◆ **AIM OF THE EXERCISE**
What is printed must match, line for line, the records from their first line through the line containing "Хороший вариант —", with pictures left out.
*** PROVIDED RECORDS ***
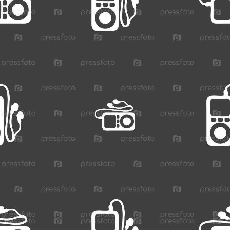 MP3-плеер, наушники, музыкальный значок знака. Бесшовный узор на сером фоне. вектор
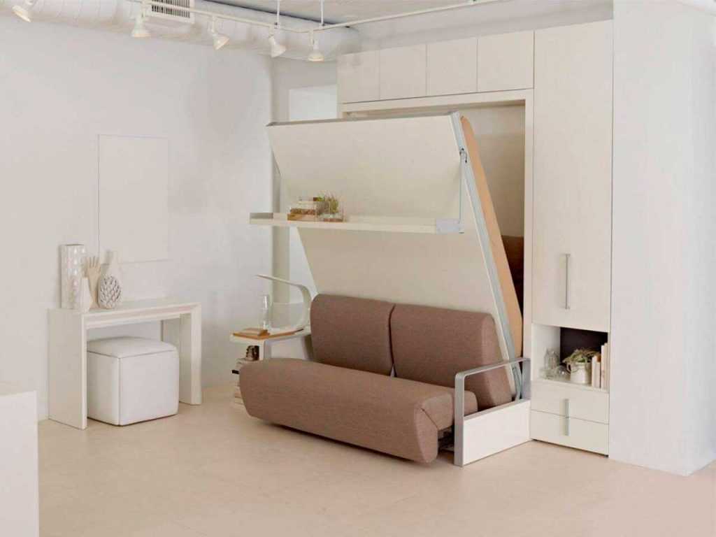 Хороший вариант — обставить однокомнатную квартиру мебелью типа трансформера. Её существует множество разновидностей – как для кухни, так и для жилой комнаты. Это может быть кровать-стол, кровать-шкаф для одежды или откидной кухонный стол.
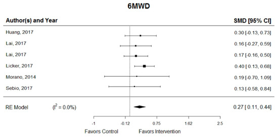 In pooled analyses, the exercise intervention was associated with a significant improvement in 6MWD (SMD = 0.27; 95% CI, 0.11 to 0.44) [18,20,21,24,25,27] and one study showed a statistically significant effect (with the lower bound of the 95% CI > 0) [24]. In addition, homogeneity was substantial among the six RCTs for exercise intervention (I2 = 0.0%) (Figure 2). The symmetry of the funnel plot and a non-significant p-value in the Egger’s test together suggest that there was no significant publication bias (p = 0.970).
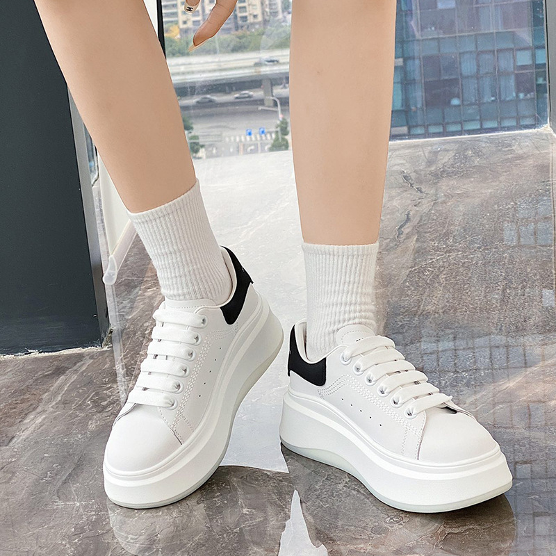 여성용 흰색 가죽 두꺼운 밑창 신발 2025 신상 인기 캐주얼 여성 신발 투명 미끄럼 방지 패션 다용도 트렌디 신발스토어 가기
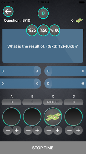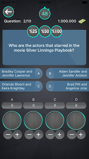 The game consists of 10 questions; It is the aim of the game to protect 1,000,000.
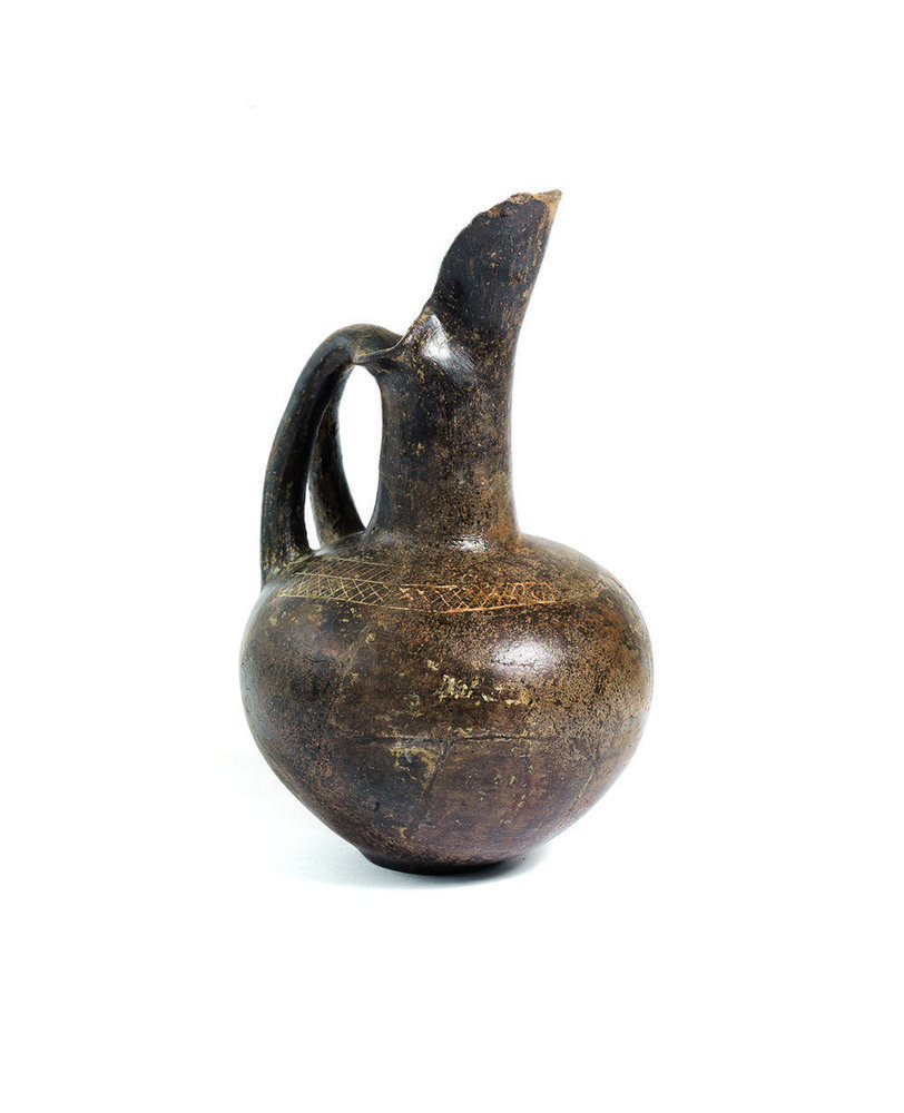GRANDE OINOCHOE VILLANOVIANA DATAZIONE: fine VIII sec. a. C. MATERIA E TECNICA: impasto depurato bruno lucidato a stecca, ingubbiatura rossiccia, decorazione ad impressione e incisione, modellata a mano e a tornio lento Grande oinochoe a bocca trilobata, con bocca quasi verticale, pronunciata da due apicature, alto collo cilindrico distinto dal corpo globulare schiacciato, fondo piatto, ansa a doppio bastoncello impostata dall’orlo alla spalla, decorata ad incisione sulla spalla con due fasce una con trattini obliqui e quella sottostante con motivo a reticolo PRODUZIONE: ceramica etrusca centro-meridionale STATO DI CONSERVAZIONE: ricomposta da frammenti DIMENSIONI: alt. cm. 26,5 Il lotto, in base alla legge italiana, non è esportabile / This lot, according to Italian law, can not be exported
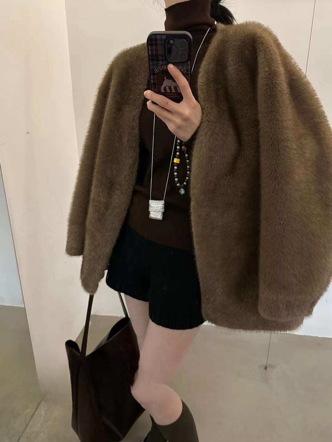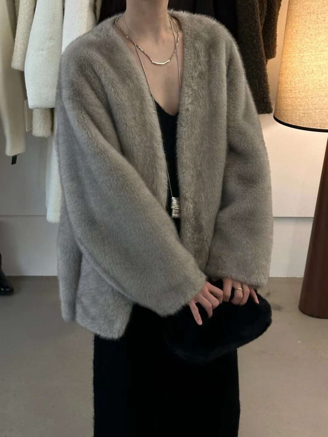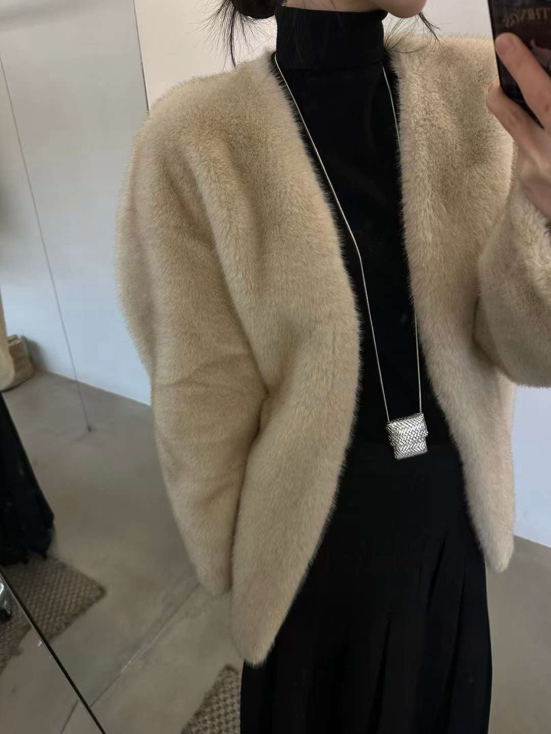 Faux mink fur mid-length jacket
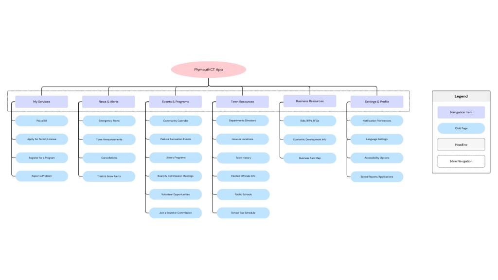 The sitemap for the MyPlymouth app went through some minor tweaks after careful consideration of what users would need to be able to do. The major categories on the home screen now direct users to:
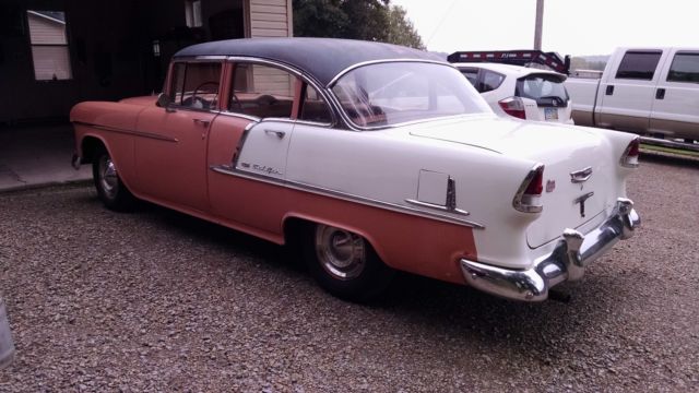 This is a pretty original car with only a couple owners and 1 long term owner. The car is showing 21900 miles and so does title as actual miles. I was told by the person that I got it from that he got it from a old fellow that had it for 40 years and told him that it is original miles, From what I see I think it could be correct. The firewall still has the white chalk marks that was put on by factory. The car runs great. There has been several things done recently to make sure it is road worthy including new gas tank, New fuel sending unit, New fuel pump, Carb cleaned and new parts inside, New brakes and wheel cylinders. Head lights & dash lights interior lights glove box light signals horn wipers heater gauges and old 8 track player works. The car has bias tires which are old so for long trip I would change them. There is some paint flaking and the car has been touched up in different places but looks nice and original. The roof is faded. The rubber mat in the trunk was falling apart so I removed it, You can buy a new one online for about $125.00. This is just a nice car to enjoy and drive. The automatic transmission and motor sound and work very good and the car does not run hot. Some time ago the upper back was painted white. The original color was the coral that is on it with the grey roof. The under carriage is original and is in good original condition not painted. This is a neat old 55 that is pretty original and has great pantina. The car is being sold in AS IS CONDITION.. NO WARRANTY. You are welcome and encouraged to come and take a look before making a offer. Any questions please contact me at 740-260-2282 Thanks. Buyer must take care of shipping.
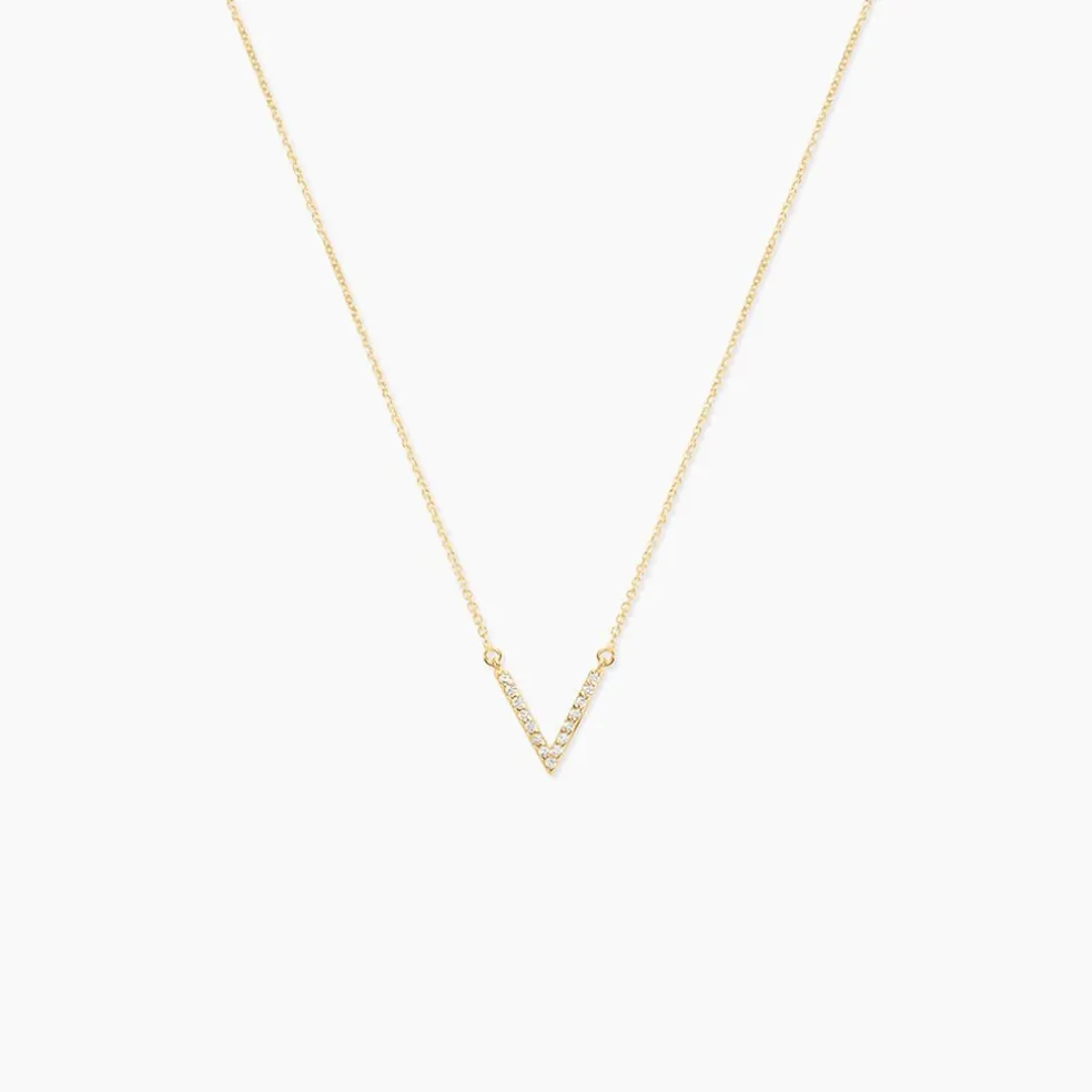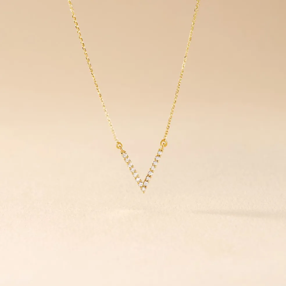 Collier Or Jaune 375/1000 Forme V Oxydes De Zirconium 42cm
***
◆ **EXERCISE RESULT**
 MP3-плеер, наушники, музыкальный значок знака. Бесшовный узор на сером фоне. вектор
 Хороший вариант — обставить однокомнатную квартиру мебелью типа трансформера. Её существует множество разновидностей – как для кухни, так и для жилой комнаты. Это может быть кровать-стол, кровать-шкаф для одежды или откидной кухонный стол.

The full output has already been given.